Last week, a woman uploaded this video of the hair care shelves in Walmart. There was a difference in the way the hair care products for Black people were set up versus those for mainstream or White customers.



Y’all peeped all of the other products sitting freely out and open on the shelves, like most of Walmart’s offerings?

The video was all over the internet and judging by the reaction I saw, Black folk weren’t too happy about it.

So I guess I shouldn’t be surprised that the story of the encased products has Walmart in some legal trouble.
Essie Grundy, a woman from Perris, California has hired Gloria Allred to represent her in a discrimination case against the company.

In a press conference, Grundy said, “It was something I had to stand up for.
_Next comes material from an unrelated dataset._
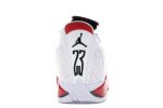 Step onto the court in style with the Jordan 14 Retro Rip Hamilton, a classic sneaker design that blends performance and aesthetic appeal. This iconic shoe features a crisp white leather upper, accented by bold hits of red and black for a vibrant look. The black Jordan Jumpman logo adds a signature touch, while the white midsole with matching red and black accents provides a clean contrast.

I would like the glass to go down, and for things to go back to the way it was, where it’s not segregated and everything is where everyone can get what they need.”

In addition to the products being locked up, Grundy said that she was not allowed to even touch the product until an employee came, retrieved it and then walked her to the cash register to pay for it.

When Grundy complained to the employee about the protocol, the employee agreed it was excessive and then told her it was a directive from corporate.

Later, when Grundy returned to Walmart to shop, she noticed there was a security camera located over the hair and skin care aisle.

In response, a spokesperson for Walmart said:

“We serve more than 140 million customers weekly, crossing all demographics, and are focused on meeting their needs while providing the best shopping experience at each store. We’re sensitive to this situation and also understand, like other retailers, that some products such as electronics, automotive, cosmetics and other personal care products are subject to additional security,” the spokesperson continued. “Those determinations are made on a store-by-store basis using data supporting the need for the heightened measures. While we’ve yet to review a complaint, we take this situation seriously and look forward to addressing it with the court.”

I don’t know how they’ll be able to weasel out of this one.


Veronica Wells is the culture editor at She is also the author of “Bettah Days” and the creator of the website NoSugarNoCreamMag. You can follow her on Facebook and on Instagram and Twitter @VDubShrug.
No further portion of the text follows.